BP’s re-branding in 2001 utilised this apparent environmental commitment to
establish four key brand values: performance, innovation, progressive[ness] and
green[ness] (BP Global, a). A green oil company is an oxymoron, yet the public’s
apparent respect for BP raises important questions about the role of brands within
contemporary national, and international, environmental politics, and more
specifically the relationship between environmental politics and consumer society.
Arvidsson has recently argued that “brands do not so much provide ready-made
experiences, as much as they enable the production, or co-creation, of an
experience, or more enduring forms of immaterial use-values, like identity and
community” (Arvidsson 2006, 35). The role that brands and consumption play in
the creation of identity and community has developed following the breakdown of
traditional social relations based upon class and local culture, and the rise of
individualism, identified by Giddens (1991) and Beck (1992) as characterising late
capitalist modernity. Brands mediate our everyday lives, forming part of an
individual’s subjectivity and sense of community. BP’s new branding was based
explicitly upon the notion of a global identity for a global brand, with global
environmentalism as a core value. The different sets of employees, from BP and
Amoco, were taught how to engage with the new image, and to discuss the “ways
to live the brand in their daily lives” (Wheeler 2003, 178). The role of such
communicative processes in the construction of the brand is illustrative of what
Arvidsson identifies as the socialisation of capitalthat is:
Capital (in the form of propertied symbols, and signifying complexes: advertising
brands, television series, music and other forms of content) is socialised to the extent
of it becoming part of the very environment, the bio-political context in which life is
lived. (Arvidsson 2006, 30)
The creation of the BP global brandthrough, for example, their logo, their
advertising, their corporate literature, their website, and employee identification
can be assessed in this light.
Whilst the success of BP as a branded experience is, in part, dependent upon
employee identification with, and espousal of, the brand values, it is the consumer
who helps determine the success of the brand.
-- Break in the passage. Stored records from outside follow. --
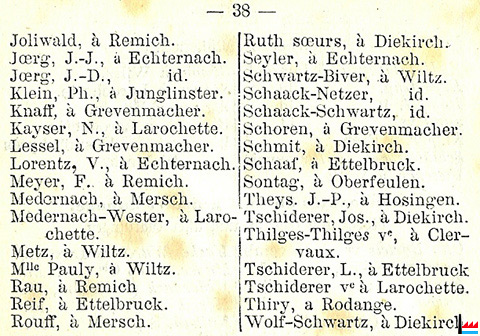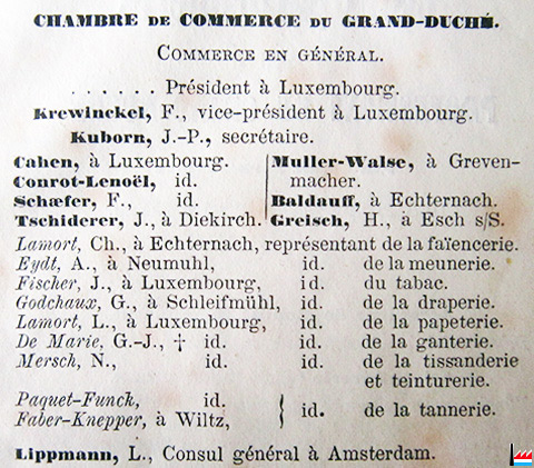 (Source: Almanach du Commerce du Grand-Duché de Luxembourg par N.C., 1re année, 1857, Luxembourg, Heintzé Frères, Libraires-Éditeurs; page 23; Collection: famille Aschman-Bodson)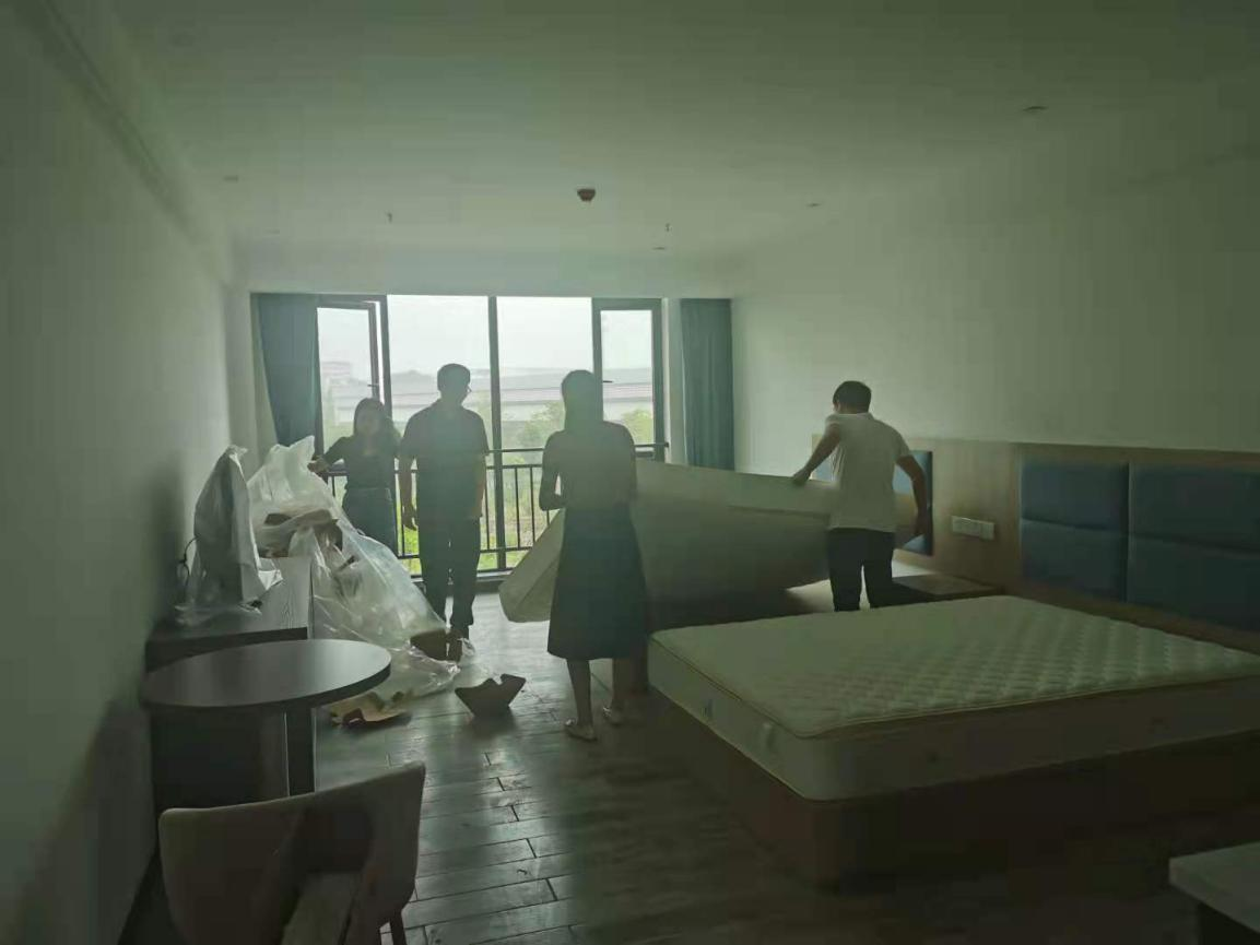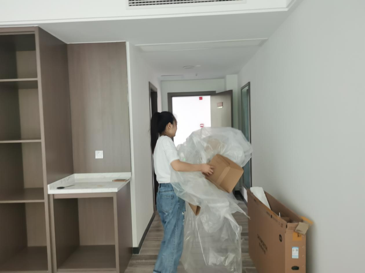 在藍領(lǐng)公寓的打掃現(xiàn)場,員工們有條不紊的開展清理工作。雖然天氣炎熱,但是同志們不畏酷暑,干勁十足,不嫌臟不怕累,共清潔、整理房間37間。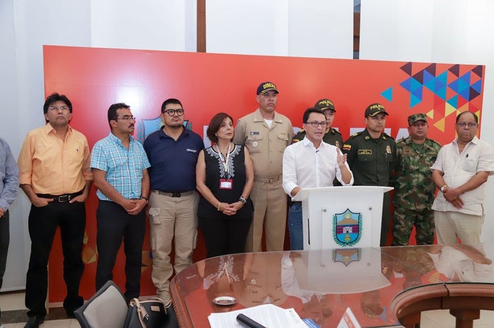 Se declara la calamidad pública y medidas restrictivas de circulación el toque de queda entre el 17 y el 30 de marzo desde las 8:00 de la noche hasta las 4:00 de la mañana; lo que buscamos es que se afecte lo menos posible la vida y el normal desarrollo de las actividades de la población, con el toque de queda estarán clausuradas las actividades de vida nocturna en establecimientos de comercio; también recomendamos el cierre de playas en municipios costeros”, afirmó el gobernador Caicedo Omar.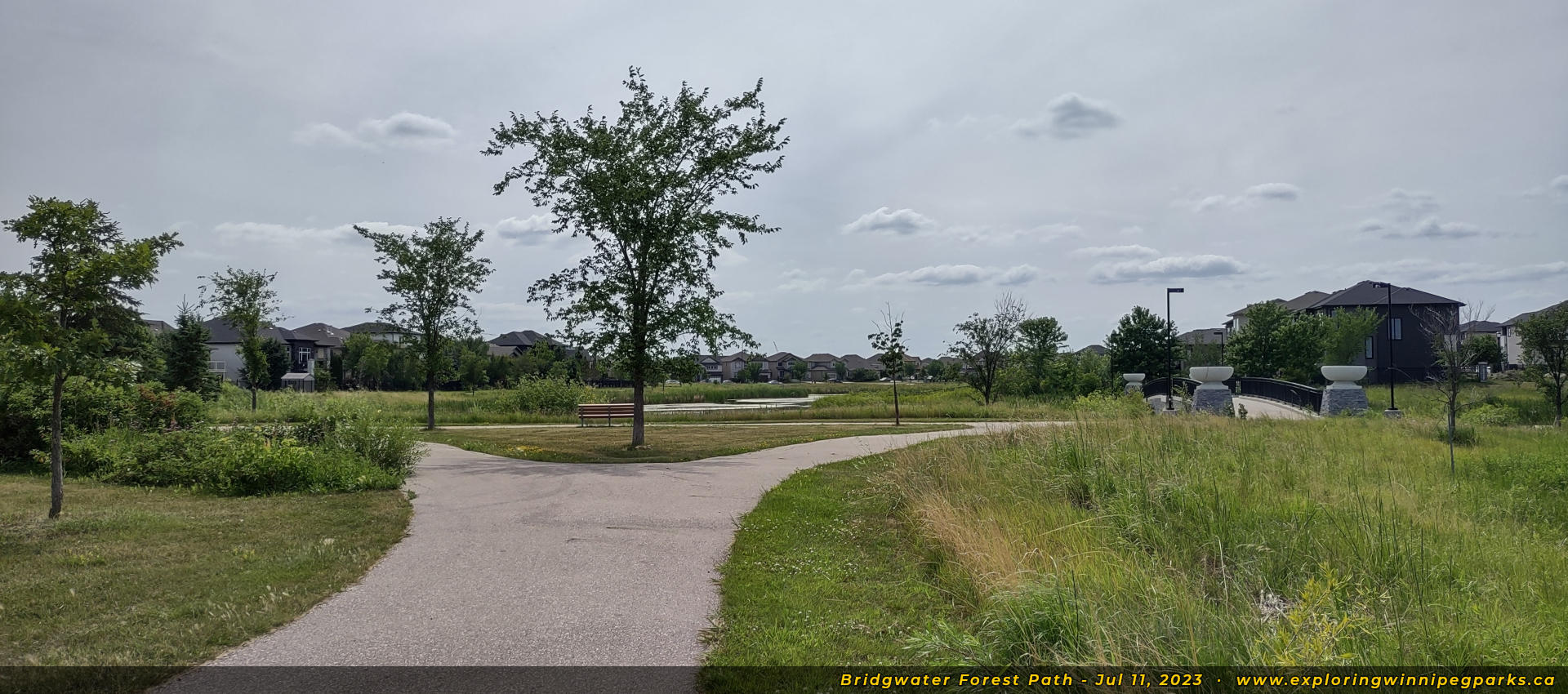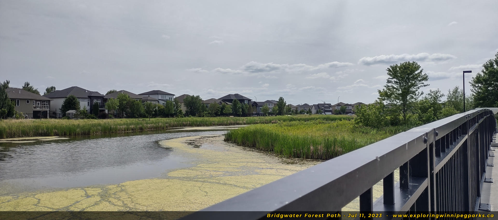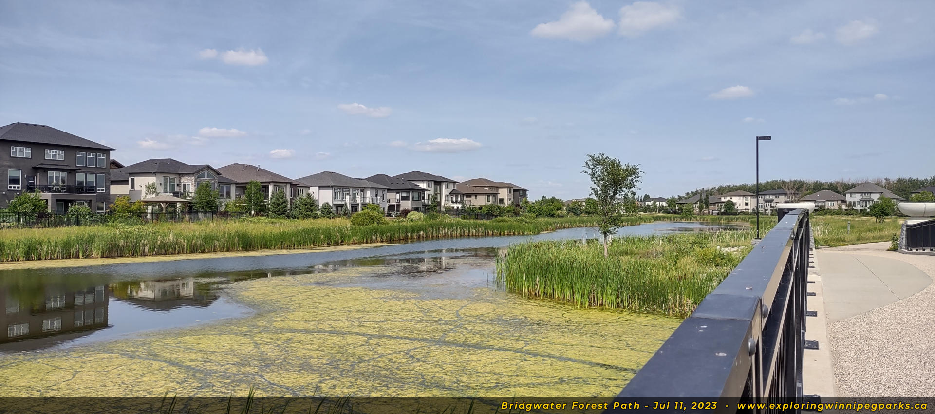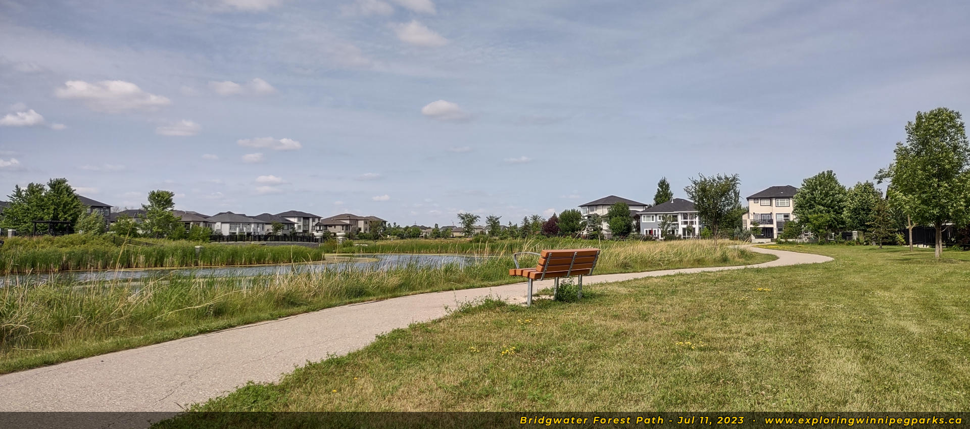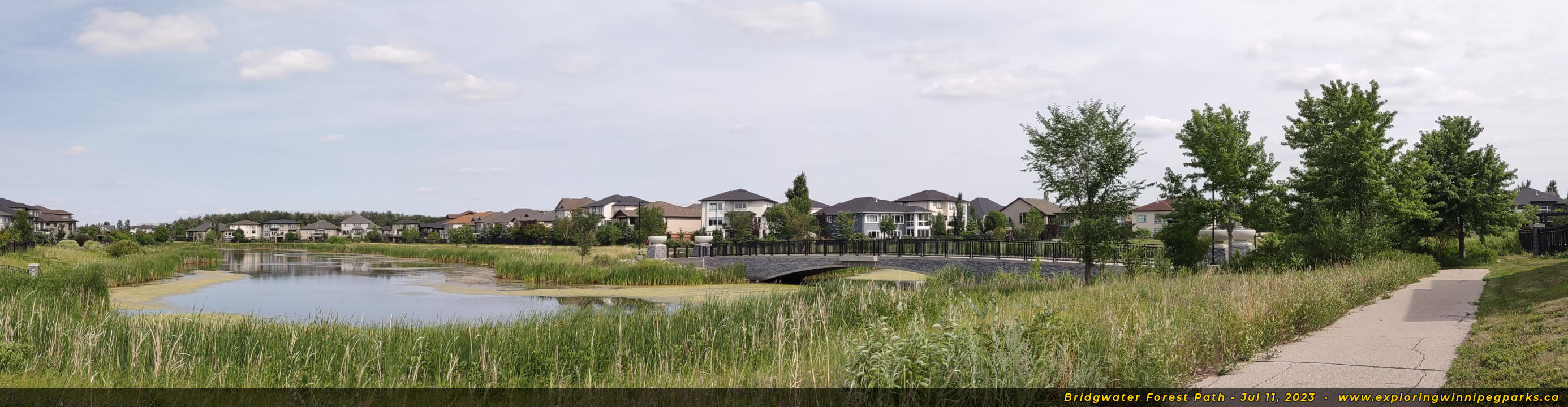 Bridgwater Forest Path is located in the center of the Bridgwater Forest neighbourhood, sandwiched between Highland Creek Rd and Maple Creek Rd. A long pathway runs alongside a pond through the park, with a footbridge in the center.

Although branding has been
criticised by commentators such as Naomi Klein (2001) for masking the reality of
the production processes behind the brand image, and satirised by the
“subvertising” antics of activist groups such as Adbusters, more recent academic
theorists give the consumer a more active role in the branding process. According
to recent branding theorists such as Douglas Holt (2002), Celia Lury (2004), and
Adam Arvidsson (2006), the brand mediates the relation between production and
consumption within late capitalism, involving the active participation of the
consumer within the meaning-making processes of the brand. For Lury, the brand
operates as an interface between the producer and consumer. For Holt, there is a
dialectical relationship between the brand and the consumer. Arvidsson argues that
the brand is a form of informational capital which uses the capacity of consumers
to construct a “common social world” (Arvidsson 2006, 3). The central role of the
consumer in the “realisation” and the “co-production of the values” the brand
promises is thus premised upon the primary role of consumption within
contemporary culture (Arvidsson 2006, 35).
Arvidsson examines the function of the brand in contemporary culture through
the changing role of the consumer within late capitalism. Up to the 1950s,
American consumers where targeted by marketers and advertisers as members of
distinct class groups (based upon income and residence). During the 1950s and
1960s changes to the ways in which middle class consumer culture was practised,
for example through the production of new “environments of consumption”
(Arvidsson 2006, 51) in the form of shopping malls and supermarkets, led to
changes in the ways in which consumers where targeted. With an increasing array
of commodities available, and an increase in the middle classes, rather than
identifying the actual properties of the products, advertisers needed more and more
to promote the symbolic properties of these goods. This marked a shift in the social
meaning of commodities. An emotional attachment to goods was intensified, and
through these attachments the consumer increasingly made sense of her/his self, a
process thought of as providing individuality and self-expression. Identity thus
became attached to the qualities and experiences offered by commodities, i.e. the
perceived immaterial relation between the product and the consumer.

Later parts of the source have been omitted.